There is so much that I do not know. I am so glad that I know that the Lord is watching over me and He will help me with whatever comes in the days ahead!

30 weeks pregnant and moving tomorrow!

Sunday, November 27, 2011

Becoming Brave (Overcoming Fear)

For me this year has been about being courageous—in Indonesian, berani.  It has taken a lot of courage to move halfway across the world, learn a new language and culture, and birth my first baby in a foreign country.  I need courage each day to drive my scooter to language school because I still am afraid to drive here.  I need courage to try to communicate with people in a language that I am not yet proficient in.  I also need courage to allow friendly people—even strangers—touch and hold my baby. 

A little more on the topic of my baby being touched: Zoe is very popular here.  Girls walking home from school want to touch and kiss her.  Indonesians at restaurants ask to hold her and have their picture taken.  Most people who come near her touch her hand, clap near her face, or poke her cheeks.  She is generally friendly and tolerant.  What a blessing to have an outgoing, smiley baby in a culture where babies are highly valued and always touched!  Zoe opens a door for conversations with new people every day.


So where does the courage to smile when potentially germy people kiss Zoe, drive my little scooter, try to communicate even though I often get things wrong, and generally live so far from “home” come from?  I am encouraged by God, my friends here in Indonesia, and by people who love me and pray for me back home. 

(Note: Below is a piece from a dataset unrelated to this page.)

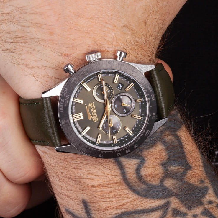 Мужские кварцевые часы Slazenger SL.09.2359.2.02 – идеальное сочетание классического дизайна и современных технологий, созданное для уверенных в себе мужчин. Корпус выполнен из суперметалла серебристого цвета, диаметром 43 мм и толщиной 11 мм, подчёркивает надежность модели и делает их идеальным аксессуаром для любой ситуации – будь то деловая встреча или повседневные выходы. Циферблат надёжно защищён минеральным стекломМинеральное стеклоМинеральное стекло представляет собой искусственно выращенный минерал кварца. Такое стекло отличается особой устойчивостью к повреждениям и царапинам. Уступает по некоторым качествам сапфировому стеклу., которое устойчиво к механическим повреждениям и сохраняет кристальную прозрачность. Неподвижный безельБезельВнешний ободок, закрепляющий стекло. В спортивных часах так называется поворотное кольцо с делениями на циферблате, выполняет роль таймера – замеряет отрезки времени на шкале. Неподвижный безель – элемент декора. Однонаправленно вращающийся безель на дайверских часах позволяет фиксировать моменты погружения и выныривания на поверхность. с IP-покрытиемIP-покрытиеМетод ионного напыления. Демонстрирует повышенную устойчивость к истиранию, окислению и химическим веществам. Под воздействием высокого давления и температуры около 1500°C молекулы металла надёжно соединяются с частицами корпуса часов.. Кожаный ремешок на стандартной застёжке удобно облегает запястье, обеспечивая надёжность и комфорт в повседневном ношении. Стрелки покрыты люминесцентным покрытиемЛюминесцентное покрытиеПозволяет считывать показания времени в темноте. Производители наносят на стрелки, часовые индексы, безель или поверхность циферблата светонакопительный состав, дающий холодное свечение., обеспечивающим отличную читаемость в темноте. Эти часы станут не просто аксессуаром, а надежным спутником в любой ситуации, подчеркивая ваш безупречный вкус и деловой стиль. Вынесенный циферблат с 24-х часовым указателем времени и функция тахиметраТахиметрРазмеченная шкала, располагается на ободке или безеле часов. Тахиметр позволяет рассчитать скорость на определённом участке пути, расстояние измеряется в километрах или милях.. Водозащита 50 метров позволит защитить корпус от случайных брызг или капель дождя.
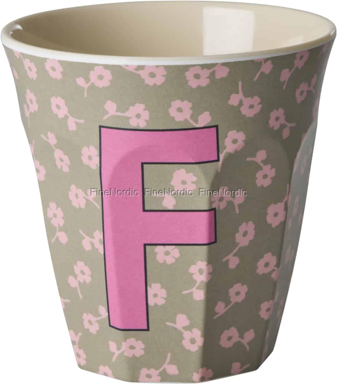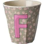 Bringe mit diesem wunderschönen Buchstabenbecher von Rice ein kleines Stück personalisierte Freude in dein Zuhause. Die dänische Marke ist dafür bekannt, Alltagsgegenständen Farbe und Fröhlichkeit einzuhauchen, und dieses Stück ist keine Ausnahme. Ein kräftiger, leuchtend rosa Buchstabe 'F' hebt sich von einem Hintergrund aus zarten rosa Blüten auf einem sanften, taupe-grünen Grund ab und schafft so einen Look, der sowohl verspielt als auch wunderbar stilvoll ist. Das glatte, cremefarbene Innere sorgt für einen schönen Kontrast und lässt jeden Schluck zu etwas Besonderem werden.

When Joshua was going to lead the Israelite people to the land where God wanted them to live, God told him “Be strong and courageous.  Do not be afraid, do not be discouraged, for the Lord your God will be with you wherever you go” (Joshua 1:9).  I am encouraged because I know that God is just as present here in Indonesia as he is in the United States, in my parents’ home, in my churches, and in any other place on earth.  I do not need to be afraid to live here.

In July I was in labor in the hospital for a full two days before Zoe was born.  When I was exhausted and wondered if I would be able to finish, God reminded me of a verse in the Bible that I memorized as a child: “I can do all things through Christ who strengthens me” (Philippians 4:13).  I am so thankful to be following a God who is alive and who helps me in the times of my deepest need!

This morning I was reminded that I am not the only one who needs help overcoming fear daily.  In fact, I think my experience may be normative for a lot of people (or at least women) here (and probably in other places too)!  At my small group fellowship meeting this morning we read Luke 12:6-7 "Are not five sparrows sold for two pennies?  Yet not one of them is forgotten by God.  Indeed, the very hairs of your head are all numbered.  Don't be afraid; you are worth more than many sparrows."  Two other women mentioned how this encourages them not be afraid...one even talked about trusting God to protect her children and when driving a scooter! 

What about you?  Are you often afraid?  What helps you to overcome fear and to live your life courageously?